3. Conversational Skills
To test the conversational skills, I tried giving this prompt to both Claude and ChatGPT:
I am feeling bit low today. Can you cheer me up?
And the results are much more nuanced. ChatGPT has a memory feature to remember the details and preferences. It remembered that I like comedy movies and started by recommending some good comedy movies and other alternatives.
Whereas Claude is more empathetic in language and does understand your queries better.
While they both did a good job again when it came to conversations, they have their own style. But if I have to just talk about their conversational abilities, Claude takes an easy win.
4. Coding Tasks
Claude 3.5 Sonnet also improved on coding. So I have tried few exercises with each. Here’s one of them.

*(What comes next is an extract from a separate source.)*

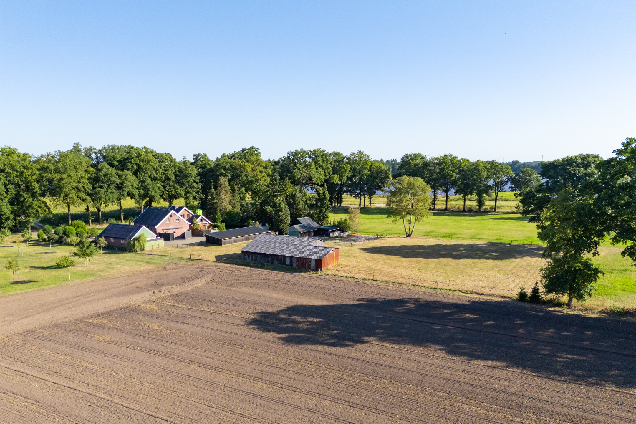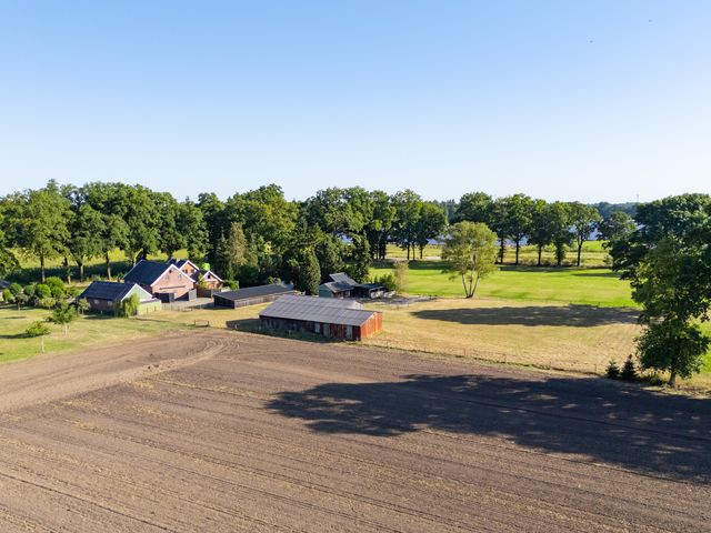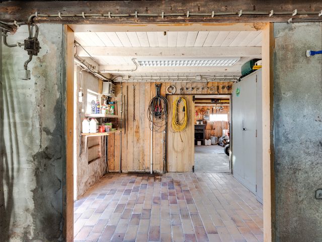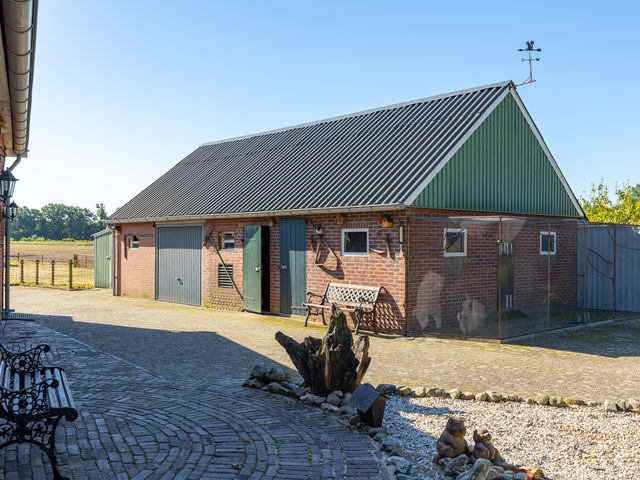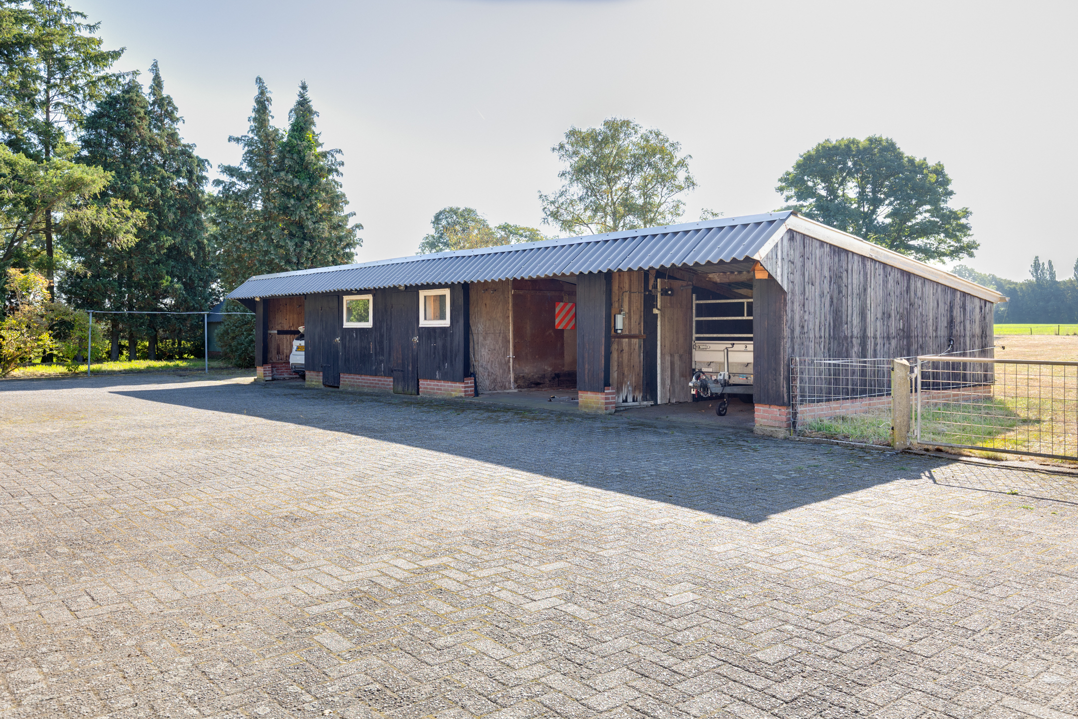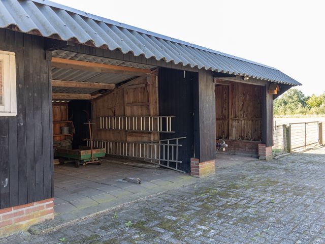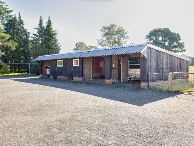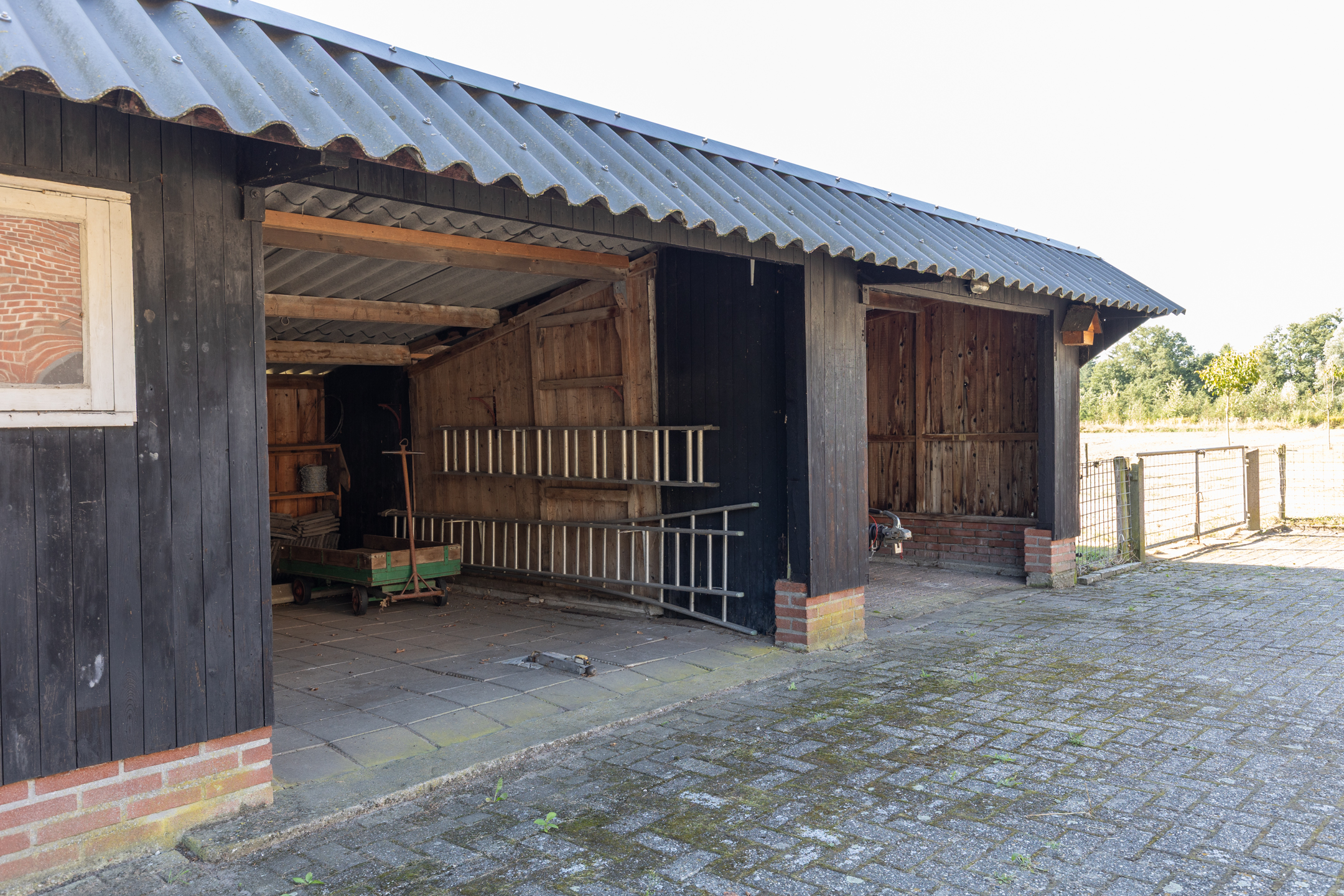 Verderop op het perceel, in het bijbehorende stukje wei, is een grote houten kapschuur/karloods aanwezig met een hoogte van 4 meter.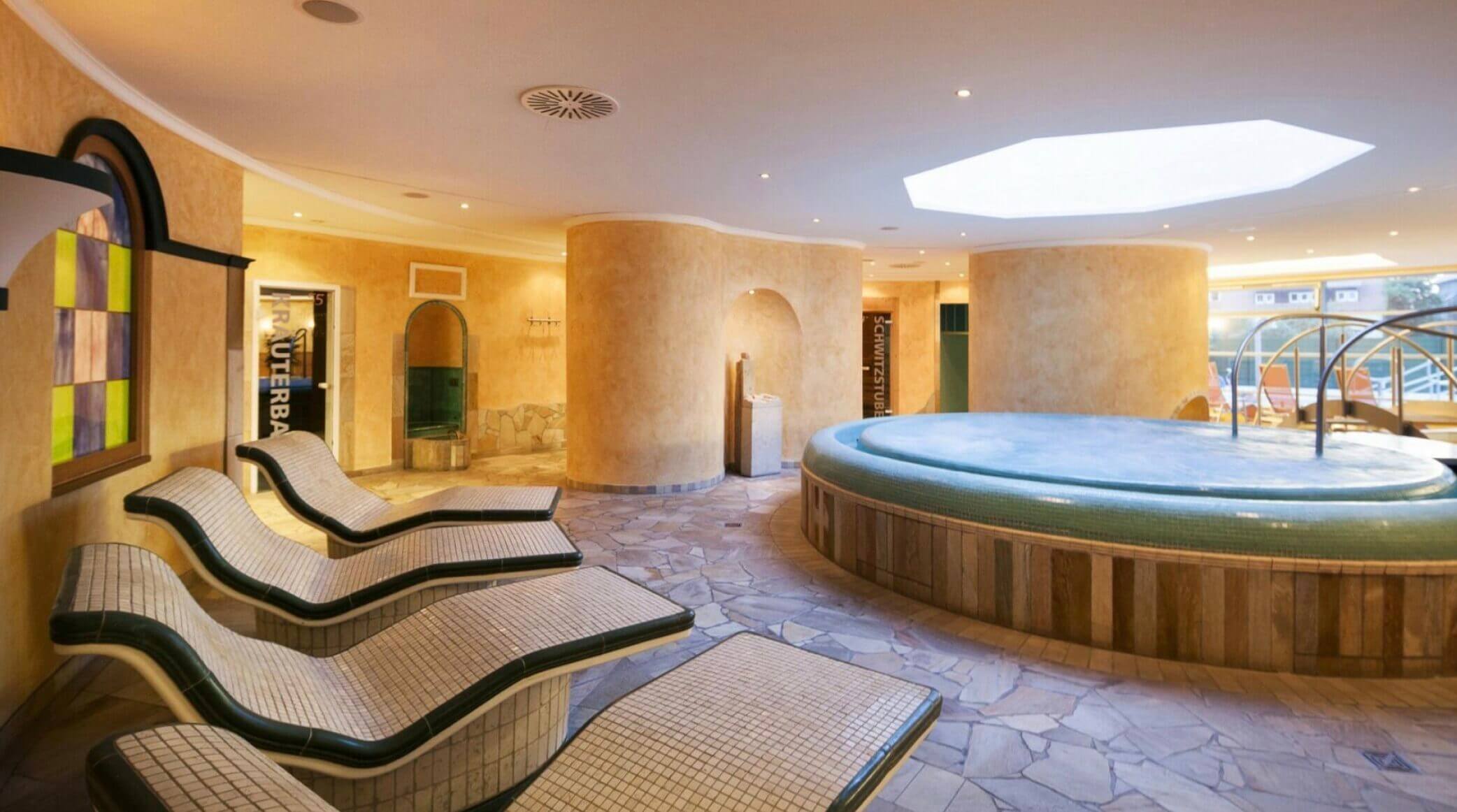 - 4 Innenpools sowie ein Außenbecken mit um die 42 °C warmem Wasser

Create an HTML and CSS Code for a responsive navigation bar.
But ChatGPT and Claude also used JavaScript even though I have not mentioned about it. Except, the code generated by both is on par with each other, and the output was generated seamlessly without any errors.
However, one notable advantage of Claude is that it supports the Artifacts feature, which allows for previewing the output directly within Claude. Additionally, I could edit the code or ask Claude to improve specific aspects.
5. Image Descriptions
I provided a few photos to both the services and asked them to explain. I expected Claude to understand the humor in memes better than ChatGPT, but the results were almost similar. For example, here’s ChatGPT explaining the meme:
This is the Claude’s response to the same image:
Is Claude 3.5 Sonnet Better Than ChatGPT 4o
They both have their own styles. While I prefer ChatGPT’s professional texts, Claude outperforms when it comes to generating stories and having conversations. Since both services are free, it’s better to use each according to the situation. However, do not use either service to find facts, as both can hallucinate and provide incorrect information.